The prediction is predicated on the current high oil prices, but the report warned that emerging inflationary pressures from the recent rise in food prices pose a threat to African economies.
The report, which was launched in Maputo, Mozambique, last Sunday, says emerging inflationary pressures will lead to "unwinding progress made by many countries in attaining the Millennium Development Goals (MDGs), especially the likelihood of pushing millions back into poverty, if the current high food prices persist".
AfDB Chief Economist, Louis Kasekendu said: "The continent still needs to accelerate and sustain growth to the rate of 7 to 8 per cent to be able to achieve MDGs of halving the proportion of people living in extreme poverty by 2015."
According to the report, Africa's economic performance as a whole is "becoming more broad-based with more countries expected to achieve rate of GDP growth above 5.0 per cent". Real GDP growth of 5.7 per cent was well above the long term trend for the fifth consecutive year.
It states that, "The rate of GDP growth is expected to strengthen to about 6.0 per cent in 2008 and be maintained at that level in 2009."
Economic growth in West African countries is projected to accelerate from 3.5 per cent in 2007 to 5.6 per cent in 2008 and will remain high at 5.7 in 2009, says the report, with Nigeria's growth expected to accelerate.
It is expected that expansion in agricultural production in several countries in West Africa will sustain high growth, it states, adding that post-conflict spending on infrastructure and the recovery of agricultural production will boost growth in Liberia and Sierra Leone.

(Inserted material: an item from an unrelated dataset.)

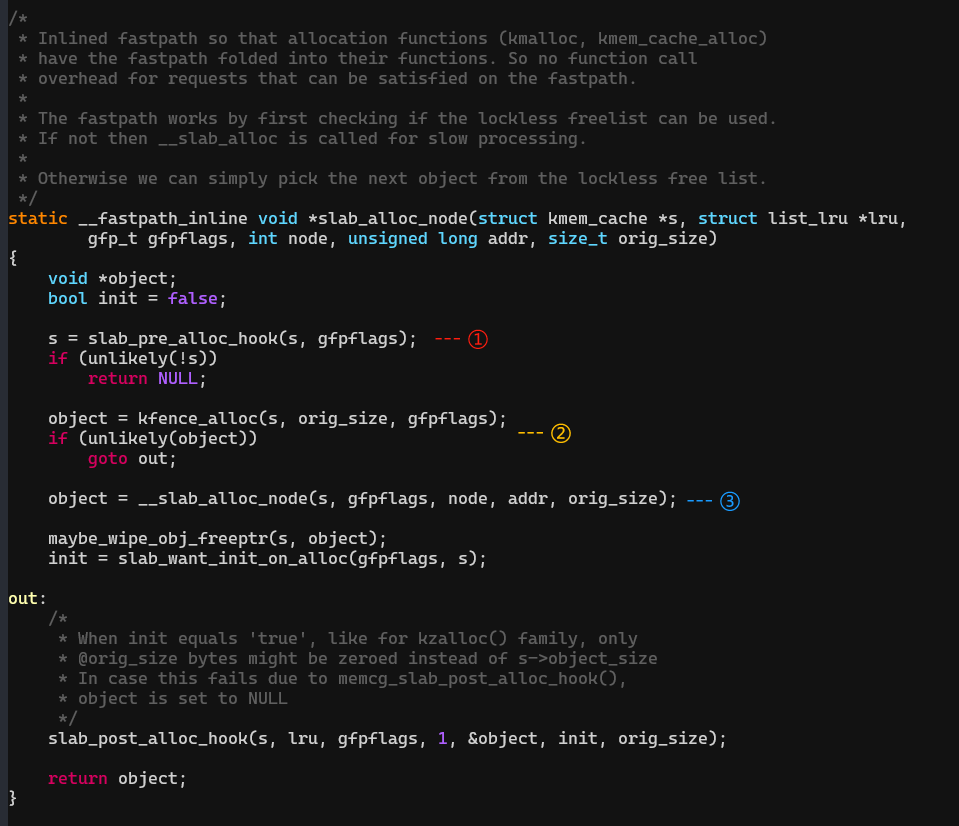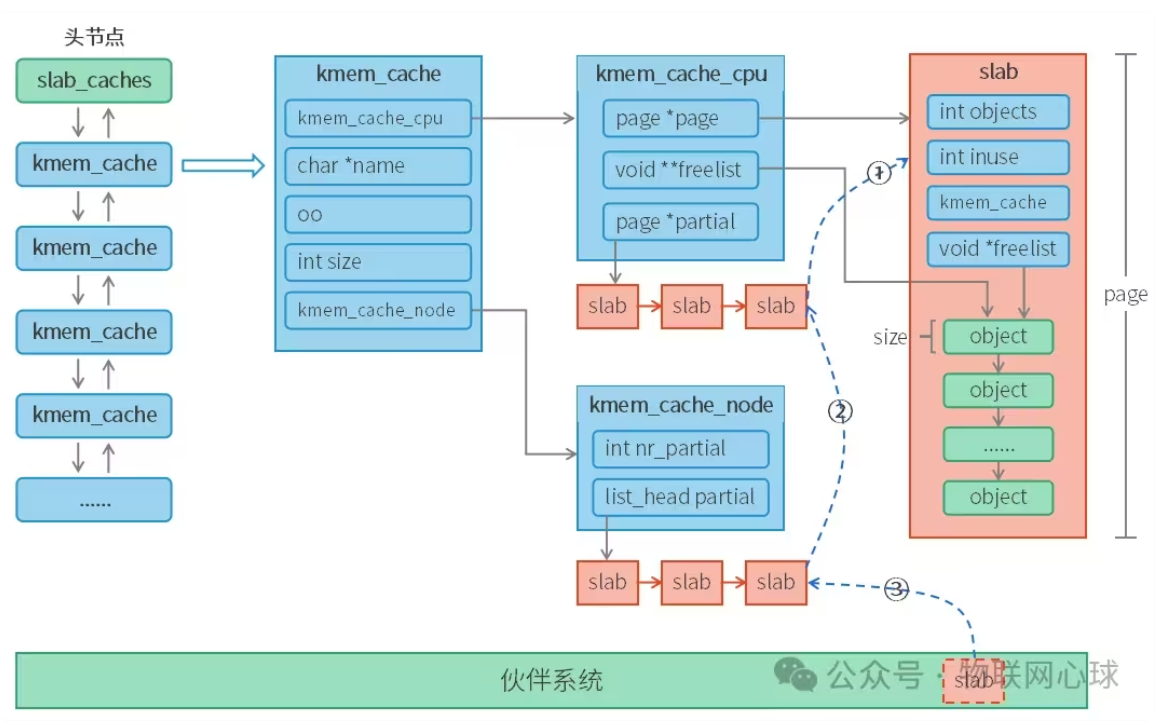 (2)慢速路径:如果cpu slab没有空闲的object,则需要先检查node slab是否有空闲object,如果有则从slab链表摘除slab插入cpu freelist,如果没有则从伙伴系统申请slab并插入cpu freelist。

Growth in Ghana and Cape Verde will remain strong.
However, growth in the West African Economic and Monetary Union (WAEMU) countries will continue to be affected by slow recovery from the crisis in Ivory Coast, the report notes.
It says that Africa's strong economic performance has been supported by external demand for oil and non-oil minerals. The continuation of sound macroeconomic policies has increased business confidence in the continent leading to a rise in private investment.
It projects the average growth for Southern Africa at 5.2 per cent in 2008 and 2009 down from 7 per cent in 2007.
It says Botswana is expected to grow slightly above 4.0 per cent and Malawi by about 5.0 per cent in 2008 and 2009.
Growth in South Africa, the report states, will slow to 4.0 per cent in both years owing to insufficient electricity production growth.
Its projection for growth for Angola, will be from 19.8 per cent in 2007 to 11.5 per cent in 2008 and to 5.0 in 2009 because of oil production slow-down, while Madagascar and Mauritius will remain strong.